▶ YOUR GOAL: Could you transcribe exactly the lines below, from the line with "器灵系统为S3深海赛季上线的" through the line with "Инструмент NMC-535 снабжен", and nothing else, leaving out the pictures?

====

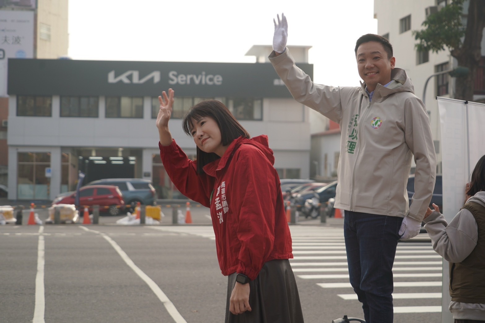 同樣出身陳其邁市長團隊的年輕世代民意代表,今早一同現身街頭向市民問好。高雄市三民區最年輕的市議員鄭孟洳,與曾任全國最年輕青年局長、現投入左營楠梓市議員選舉的張以理,26日共同站在明誠、民族路口,向來往民眾拜票爭取支持。
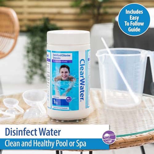Specification: Clearwater Chlorine Granules for Hot Tub Spa and Swimming Pool Water Treatment for Rapid Disinfecting and Cleaning, 1 kg
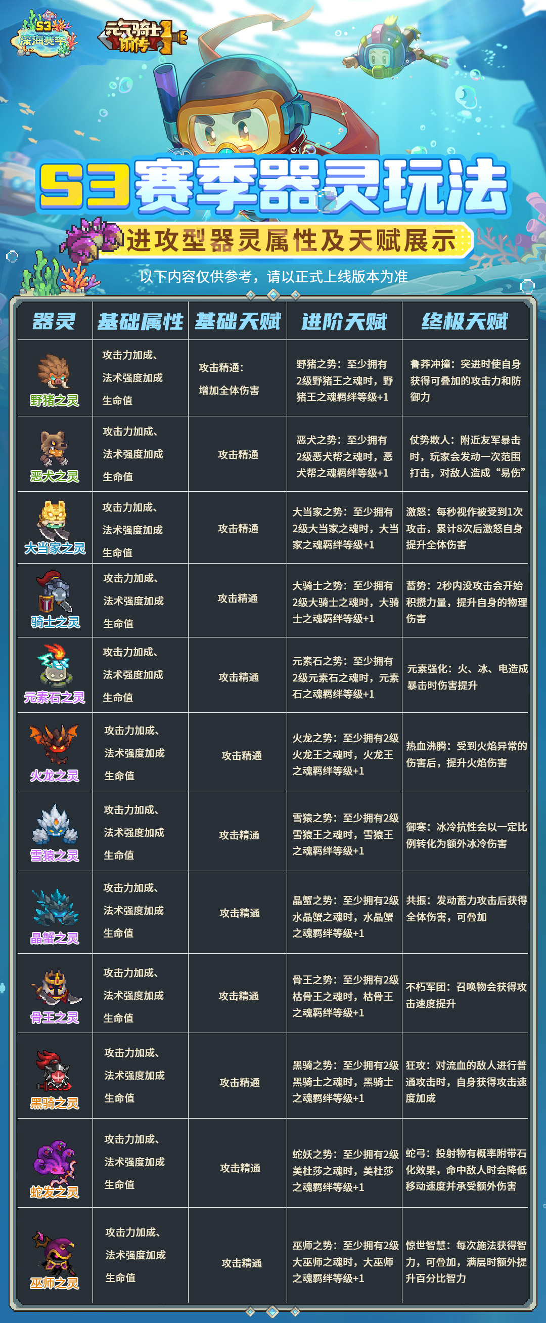 器灵系统为S3深海赛季上线的新系统,能够增加小骑士的基础属性数值(力量、敏捷、智力、攻击力、法术攻击力等);部分器灵还有独特天赋,能够为小骑士的冒险提供强大的增益效果。
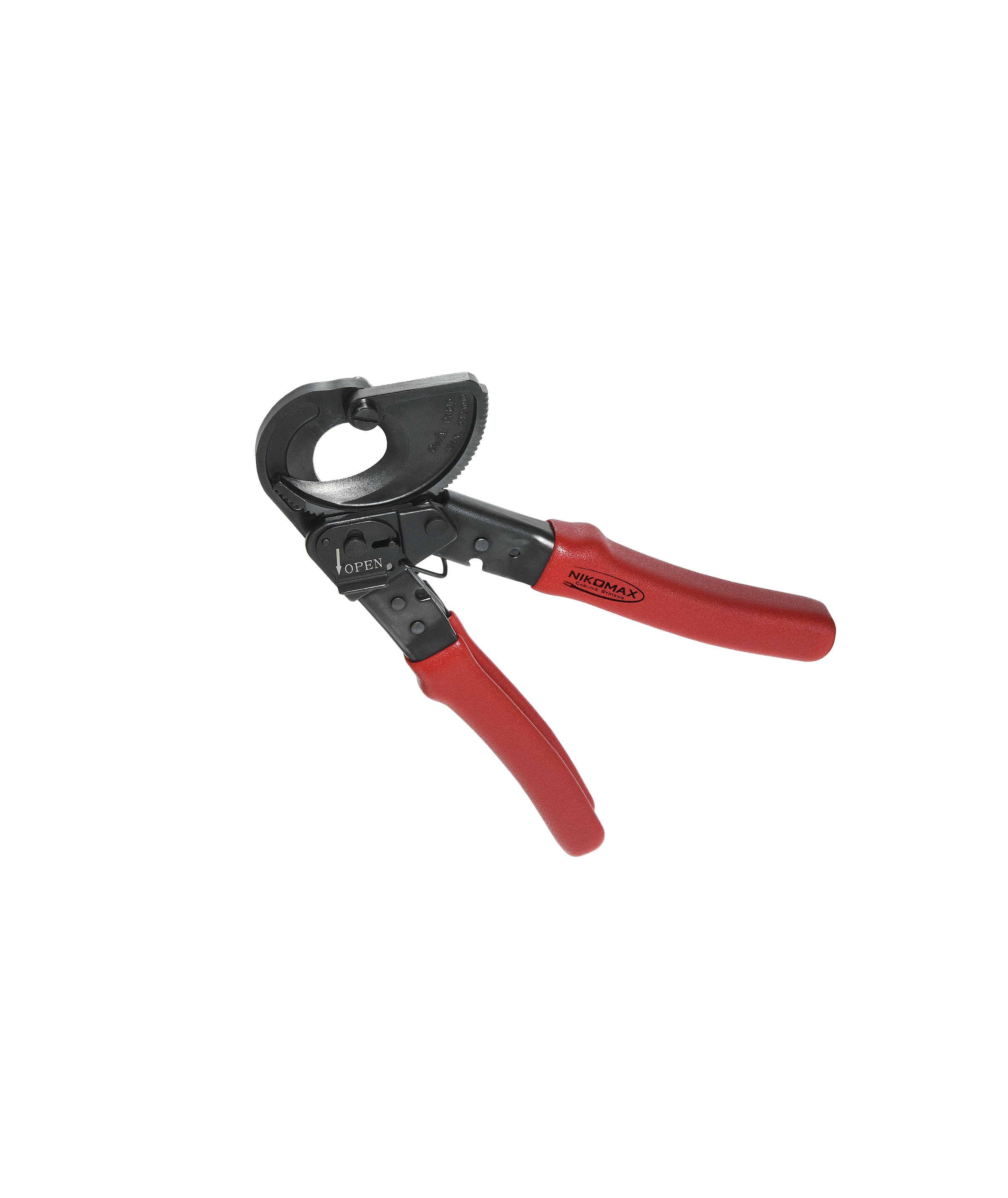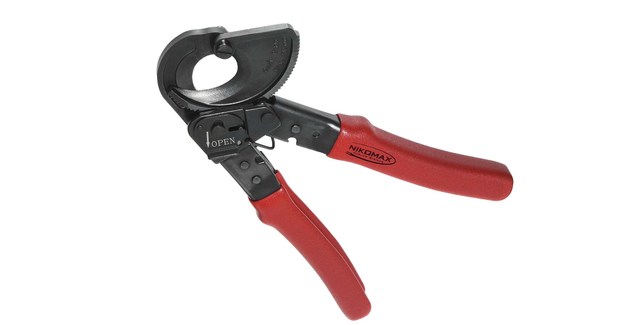 Инструмент NMC-535 снабжен храповым механизмом и предназначен для обрезки медных кабелей диаметром до 32 мм, в том числе многопарных, вплоть до 200-т пар. Также инструмент подходит для силовых кабелей с медной жилой диаметром до 3,5 мм, либо с алюминиевой жилой диаметром до 5 мм. Инструмент не предназначен для обрезки кабелей со стальными жилами, несущими тросами, броней и прочими силовыми элементами из твердых металлов.
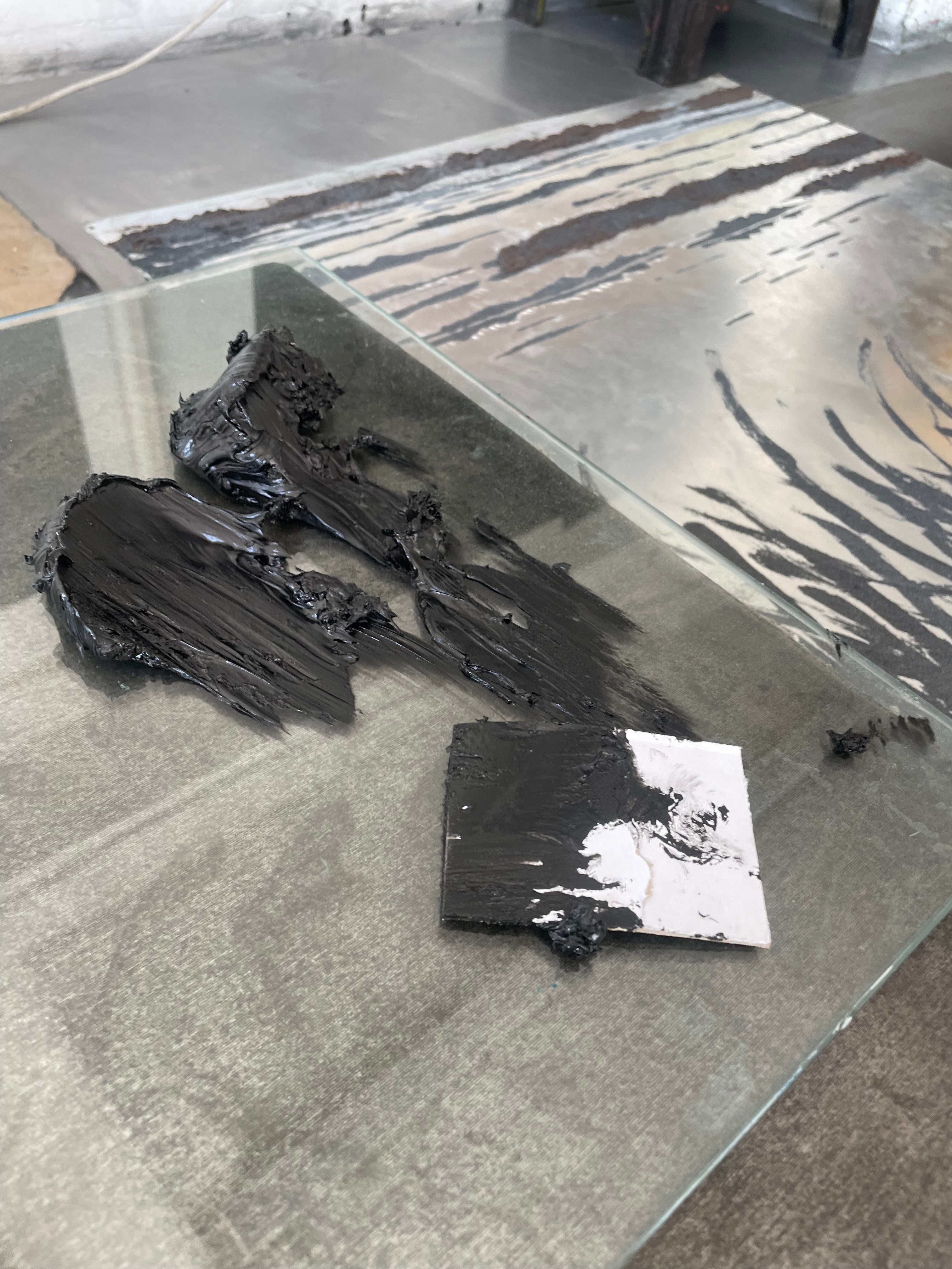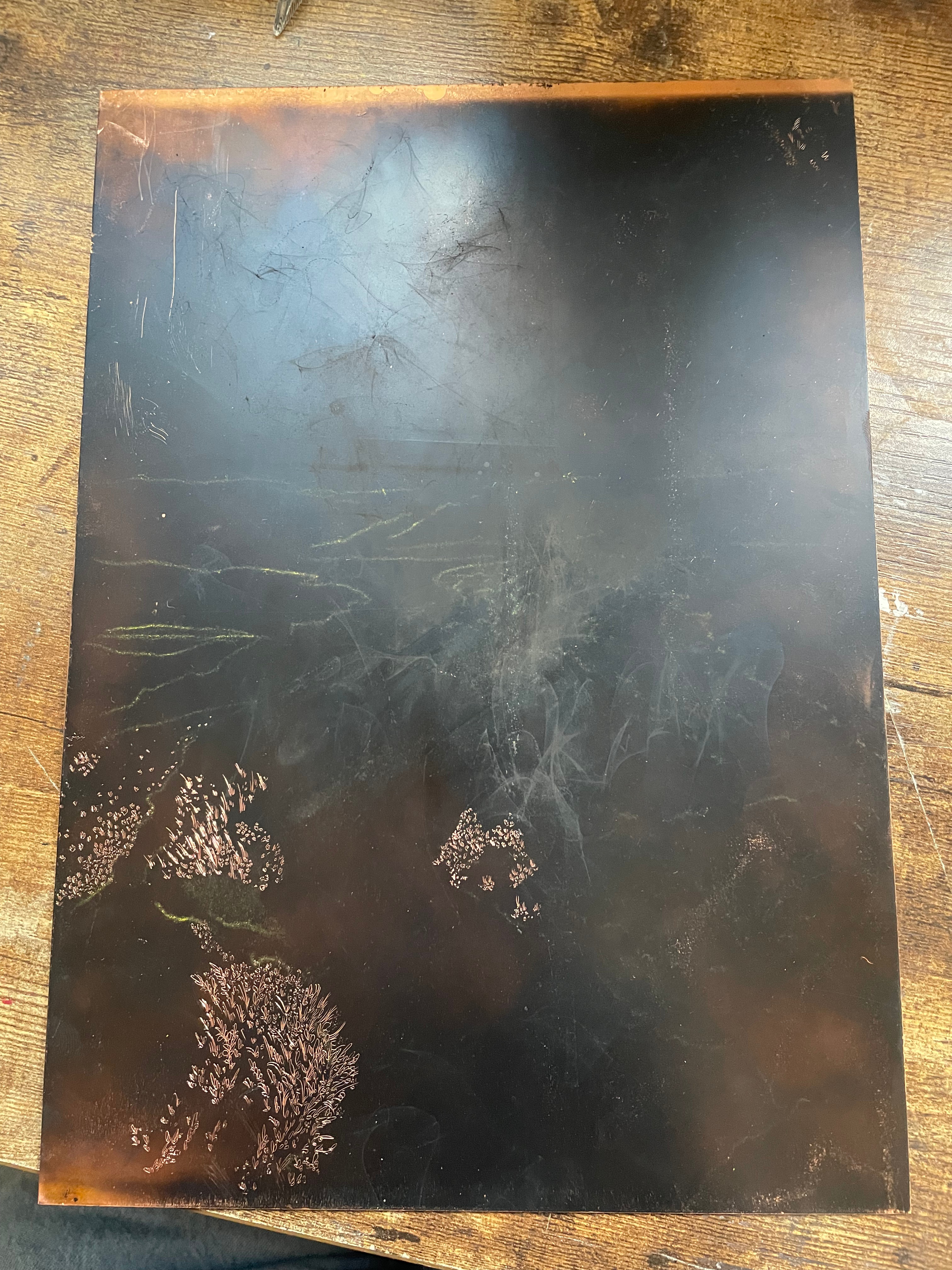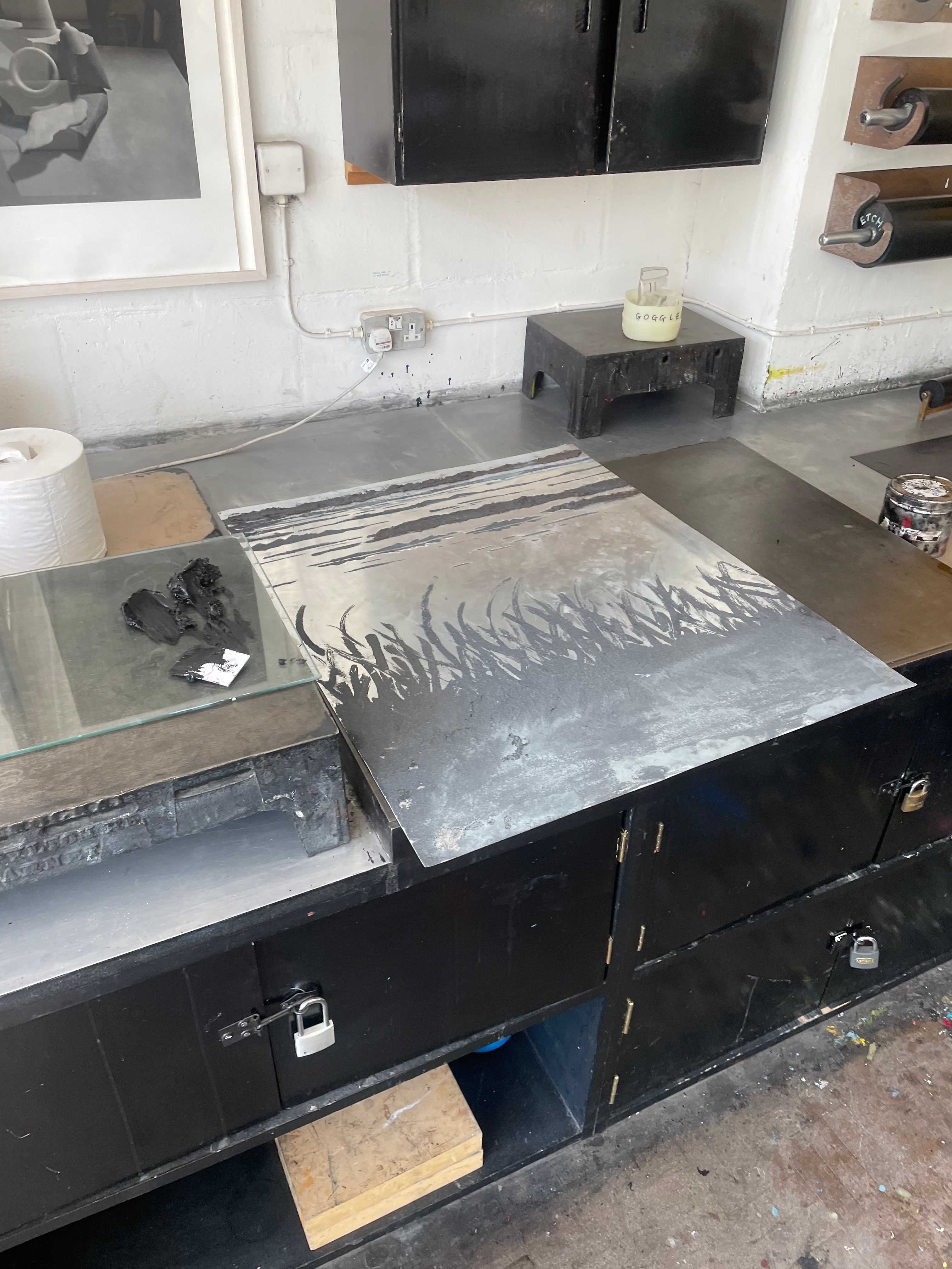I began to create a draft for the work I wanted to submit as my piece for the MA degree show, due to its size, I knew I had to begin testing and trialling the imagery and the work now, just to pre-empt the fact that things are most definitely going to go wrong at this scale, which they obviously did. I began by creating large scale sketches for the carborundum elements of the print, I chose two compositions from my photographs in Norfolk that I thought would be beautiful at a large scale. I slowly took over our studio with these sketches and was happy with seeing the work at the full scale of the print that would be made. I decided that the whole piece wouldn’t be carborundum based, and that I would use a large scale mono print as the background, to really accentuate the beautiful skies that I love adding into my work, and their reflection in the glassy waters of the high tide. The idea was that the top plates would be the sky, while the lower three plates would be the same sky, reflected back onto itself. I was really happy with this upper area of the image and thought that I had achieved the effect of those huge cosmic sunsets over the salt marsh. The problem came in adding the carborundum for a multitude of factors. The first factor that made this test unsuccessful was the fact that I used Charbonnel Doux ink, which I really really detest. It doesn’t have the same intensity as other Charbonnel etching inks, such as my favourite, 55985 black, and even in well-printed areas, really didn’t do much to make the carborundum sing. This brings me onto the second and third factors that really didn’t help the work. I wanted to ink the plates at the same time and print them together, however, I decided to do this on an excruciatingly hot day, and for the first time ever in my printmaking journey, I think the etching ink dried up on the plate, leading to the horrible patchy effect you can see in the print. The other factor was that the carborundum on the horizon line at the top of the plate was way too thick, meaning that the dry point impressions I’d made on the carborundum plates didn’t show up when printed, and this also took a lot of pressure off the thinner areas of carborundum towards the grassy areas at the bottom of the plate. Finally, I think that the intensity of the carborundum, and the softness of the mono print just don’t sit well together, and feel like two separate, unmarried entities on the paper.

====

▶ COMPLETED TASK:
 器灵系统为S3深海赛季上线的新系统,能够增加小骑士的基础属性数值(力量、敏捷、智力、攻击力、法术攻击力等);部分器灵还有独特天赋,能够为小骑士的冒险提供强大的增益效果。
 Инструмент NMC-535 снабжен храповым механизмом и предназначен для обрезки медных кабелей диаметром до 32 мм, в том числе многопарных, вплоть до 200-т пар. Также инструмент подходит для силовых кабелей с медной жилой диаметром до 3,5 мм, либо с алюминиевой жилой диаметром до 5 мм. Инструмент не предназначен для обрезки кабелей со стальными жилами, несущими тросами, броней и прочими силовыми элементами из твердых металлов.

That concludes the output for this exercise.